A disputa sobre o marco temporal

O tema voltou ao plenário dois anos após o STF declarar inconstitucional a tese do marco temporal — interpretação segundo a qual povos indígenas teriam direito às terras que ocupavam em 5 de outubro de 1988, data da promulgação da Constituição, ou que estavam em litígio judicial à época. Em 2023, o Congresso aprovou a Lei 14.701/2023 para restabelecer essa regra. O presidente Luiz Inácio Lula da Silva vetou trechos relevantes da norma, mas os parlamentares derrubaram o veto, reabrindo a disputa jurídica.
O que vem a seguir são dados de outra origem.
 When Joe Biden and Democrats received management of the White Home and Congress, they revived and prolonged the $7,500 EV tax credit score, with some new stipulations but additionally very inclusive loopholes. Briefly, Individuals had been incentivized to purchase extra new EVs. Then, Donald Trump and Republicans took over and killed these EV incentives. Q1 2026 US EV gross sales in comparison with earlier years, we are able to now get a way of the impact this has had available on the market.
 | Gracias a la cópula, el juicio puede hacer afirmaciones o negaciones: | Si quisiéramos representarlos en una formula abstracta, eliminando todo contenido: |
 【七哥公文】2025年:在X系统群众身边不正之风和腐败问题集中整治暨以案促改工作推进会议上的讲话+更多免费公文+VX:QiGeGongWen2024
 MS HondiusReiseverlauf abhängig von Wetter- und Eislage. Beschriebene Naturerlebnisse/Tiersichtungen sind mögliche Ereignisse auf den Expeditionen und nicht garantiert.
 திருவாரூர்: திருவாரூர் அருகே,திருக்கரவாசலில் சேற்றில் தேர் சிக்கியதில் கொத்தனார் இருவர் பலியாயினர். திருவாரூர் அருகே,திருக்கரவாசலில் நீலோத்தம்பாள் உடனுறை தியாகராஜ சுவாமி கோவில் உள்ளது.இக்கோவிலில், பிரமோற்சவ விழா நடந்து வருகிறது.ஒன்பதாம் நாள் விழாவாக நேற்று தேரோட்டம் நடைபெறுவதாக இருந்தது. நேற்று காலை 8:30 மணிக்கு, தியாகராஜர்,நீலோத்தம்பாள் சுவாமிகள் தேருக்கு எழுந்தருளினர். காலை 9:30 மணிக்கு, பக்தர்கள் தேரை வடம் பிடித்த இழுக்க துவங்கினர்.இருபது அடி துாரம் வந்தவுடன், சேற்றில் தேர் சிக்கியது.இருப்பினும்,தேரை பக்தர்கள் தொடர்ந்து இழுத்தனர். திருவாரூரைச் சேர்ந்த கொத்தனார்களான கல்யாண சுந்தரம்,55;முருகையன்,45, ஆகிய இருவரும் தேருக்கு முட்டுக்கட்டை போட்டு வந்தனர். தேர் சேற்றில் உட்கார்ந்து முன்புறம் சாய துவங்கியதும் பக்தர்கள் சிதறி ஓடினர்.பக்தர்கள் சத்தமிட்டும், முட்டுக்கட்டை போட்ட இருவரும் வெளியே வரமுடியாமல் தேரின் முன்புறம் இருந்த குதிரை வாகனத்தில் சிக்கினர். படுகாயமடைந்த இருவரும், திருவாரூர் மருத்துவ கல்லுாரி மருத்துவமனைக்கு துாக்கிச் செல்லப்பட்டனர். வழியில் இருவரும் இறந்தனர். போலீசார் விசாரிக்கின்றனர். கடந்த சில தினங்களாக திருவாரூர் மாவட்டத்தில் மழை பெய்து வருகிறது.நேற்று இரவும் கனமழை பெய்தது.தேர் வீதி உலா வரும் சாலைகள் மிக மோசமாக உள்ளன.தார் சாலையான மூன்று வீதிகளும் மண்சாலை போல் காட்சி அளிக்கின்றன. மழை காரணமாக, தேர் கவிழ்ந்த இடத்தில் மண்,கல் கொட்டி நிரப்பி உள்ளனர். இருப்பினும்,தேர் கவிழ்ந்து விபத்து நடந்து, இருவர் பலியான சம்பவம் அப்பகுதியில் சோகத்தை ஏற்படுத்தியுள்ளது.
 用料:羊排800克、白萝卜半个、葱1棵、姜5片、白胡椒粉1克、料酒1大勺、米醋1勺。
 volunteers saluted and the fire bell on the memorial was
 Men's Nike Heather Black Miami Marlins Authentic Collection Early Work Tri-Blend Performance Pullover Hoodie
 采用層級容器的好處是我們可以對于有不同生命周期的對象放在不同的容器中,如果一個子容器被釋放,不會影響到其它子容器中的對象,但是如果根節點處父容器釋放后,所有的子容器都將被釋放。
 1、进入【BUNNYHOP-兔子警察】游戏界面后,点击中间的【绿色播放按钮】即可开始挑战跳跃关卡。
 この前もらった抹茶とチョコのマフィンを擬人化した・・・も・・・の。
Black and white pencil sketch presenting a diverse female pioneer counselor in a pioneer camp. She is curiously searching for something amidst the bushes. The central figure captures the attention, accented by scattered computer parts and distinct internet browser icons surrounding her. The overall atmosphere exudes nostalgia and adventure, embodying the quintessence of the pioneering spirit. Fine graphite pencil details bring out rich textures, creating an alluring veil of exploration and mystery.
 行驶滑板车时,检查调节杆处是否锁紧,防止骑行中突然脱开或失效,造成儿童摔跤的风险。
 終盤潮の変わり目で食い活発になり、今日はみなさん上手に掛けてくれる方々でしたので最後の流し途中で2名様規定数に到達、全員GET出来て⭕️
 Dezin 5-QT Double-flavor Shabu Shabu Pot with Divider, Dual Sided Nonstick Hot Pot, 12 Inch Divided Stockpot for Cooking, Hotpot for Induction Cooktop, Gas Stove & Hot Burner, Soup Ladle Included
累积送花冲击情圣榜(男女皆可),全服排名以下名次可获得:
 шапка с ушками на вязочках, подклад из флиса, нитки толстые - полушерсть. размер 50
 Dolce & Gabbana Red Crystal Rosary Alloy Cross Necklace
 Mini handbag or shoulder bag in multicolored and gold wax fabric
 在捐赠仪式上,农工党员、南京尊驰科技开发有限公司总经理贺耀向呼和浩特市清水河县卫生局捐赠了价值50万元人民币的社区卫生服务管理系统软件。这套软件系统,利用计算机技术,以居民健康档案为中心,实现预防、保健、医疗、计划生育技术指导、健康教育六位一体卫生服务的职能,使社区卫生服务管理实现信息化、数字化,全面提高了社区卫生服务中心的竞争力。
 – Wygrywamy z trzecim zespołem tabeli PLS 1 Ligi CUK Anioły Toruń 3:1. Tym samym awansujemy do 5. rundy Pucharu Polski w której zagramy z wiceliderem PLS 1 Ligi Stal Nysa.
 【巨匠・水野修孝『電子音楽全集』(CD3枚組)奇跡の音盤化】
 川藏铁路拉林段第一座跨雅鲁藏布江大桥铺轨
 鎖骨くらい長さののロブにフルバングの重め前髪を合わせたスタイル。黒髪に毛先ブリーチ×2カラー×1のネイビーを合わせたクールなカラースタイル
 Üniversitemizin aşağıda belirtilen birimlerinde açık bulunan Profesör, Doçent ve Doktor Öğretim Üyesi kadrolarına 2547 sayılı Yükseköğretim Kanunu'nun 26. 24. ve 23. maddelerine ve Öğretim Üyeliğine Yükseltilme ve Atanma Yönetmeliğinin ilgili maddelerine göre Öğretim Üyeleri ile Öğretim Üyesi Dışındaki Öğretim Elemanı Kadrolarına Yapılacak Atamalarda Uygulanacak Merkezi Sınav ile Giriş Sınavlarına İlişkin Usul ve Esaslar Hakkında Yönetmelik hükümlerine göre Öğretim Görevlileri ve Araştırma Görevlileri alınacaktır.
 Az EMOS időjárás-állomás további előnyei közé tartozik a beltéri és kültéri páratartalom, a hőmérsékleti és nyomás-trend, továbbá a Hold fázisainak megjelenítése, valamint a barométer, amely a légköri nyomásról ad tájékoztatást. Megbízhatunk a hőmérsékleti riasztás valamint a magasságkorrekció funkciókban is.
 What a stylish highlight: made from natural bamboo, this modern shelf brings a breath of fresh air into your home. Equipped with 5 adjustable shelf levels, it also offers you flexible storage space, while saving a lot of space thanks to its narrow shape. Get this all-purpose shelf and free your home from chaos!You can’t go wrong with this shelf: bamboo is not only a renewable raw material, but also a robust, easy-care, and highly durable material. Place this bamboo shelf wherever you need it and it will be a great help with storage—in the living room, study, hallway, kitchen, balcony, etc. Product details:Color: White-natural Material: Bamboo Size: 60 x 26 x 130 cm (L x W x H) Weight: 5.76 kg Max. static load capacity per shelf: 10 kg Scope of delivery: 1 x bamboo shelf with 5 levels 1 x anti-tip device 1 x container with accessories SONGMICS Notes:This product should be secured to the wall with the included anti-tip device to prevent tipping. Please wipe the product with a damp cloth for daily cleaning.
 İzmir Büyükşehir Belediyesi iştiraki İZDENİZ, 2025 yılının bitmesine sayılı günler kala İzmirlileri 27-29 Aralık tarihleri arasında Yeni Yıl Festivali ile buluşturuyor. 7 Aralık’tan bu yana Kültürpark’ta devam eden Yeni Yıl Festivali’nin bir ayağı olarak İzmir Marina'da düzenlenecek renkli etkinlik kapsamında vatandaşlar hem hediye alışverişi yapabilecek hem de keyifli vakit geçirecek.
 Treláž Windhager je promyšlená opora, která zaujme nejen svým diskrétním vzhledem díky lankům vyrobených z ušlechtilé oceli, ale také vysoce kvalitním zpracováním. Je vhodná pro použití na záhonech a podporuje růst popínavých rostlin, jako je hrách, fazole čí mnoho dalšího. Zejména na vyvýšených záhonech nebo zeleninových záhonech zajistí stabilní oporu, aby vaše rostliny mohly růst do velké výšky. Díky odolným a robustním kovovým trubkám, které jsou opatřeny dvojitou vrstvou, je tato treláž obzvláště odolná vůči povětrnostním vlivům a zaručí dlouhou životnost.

Partidos como PL, PP e Republicanos acionaram o STF para garantir a validade do marco temporal. Por outro lado, organizações indígenas e partidos governistas pediram novamente que a Corte declare a tese inconstitucional. Paralelamente, o Senado aprovou a PEC 48/23, que tenta incluir o marco temporal no texto da Constituição, o que ampliou a complexidade do cenário jurídico.

As sustentações orais

Na sessão desta semana, ministros ouviram representantes políticos, entidades indígenas e organizações da sociedade civil. As sustentações foram concluídas nesta quinta-feira, com posicionamentos divergentes.

Paloma Gomes, advogada do Conselho Indigenista Missionário (Cimi), afirmou que o órgão acompanha há meio século “a violência sistêmica cometida por setores contrários aos povos indígenas”. Segundo ela, dados levantados pelo Cimi indicam que 211 indígenas foram assassinados no país em 2024. “A Lei 14.701 nada mais é do que um dos tantos artifícios que foram criados para dificultar a posse indígena no nosso país, o que denota a continuidade de uma prática colonialista para manutenção da apropriação dessas terras, disfarçadas de aparente legalidade”, disse.

Em outra manifestação, Gabriel de Carvalho Sampaio, advogado da Conectas Direitos Humanos, criticou o processo legislativo que resultou na lei do marco temporal. Para ele, o texto ignorou o diálogo institucional e tratou os povos originários como “sujeitos ocultos”. “Cada termo da Constituição precisa ser valorizado. Se quer estabelecer diálogo, se quer construir uma legislação a partir do diálogo, por que não se busca respeitar a cultura dos povos indígenas, que devem estar envolvidos na defesa e na construção de qualquer norma”, completou.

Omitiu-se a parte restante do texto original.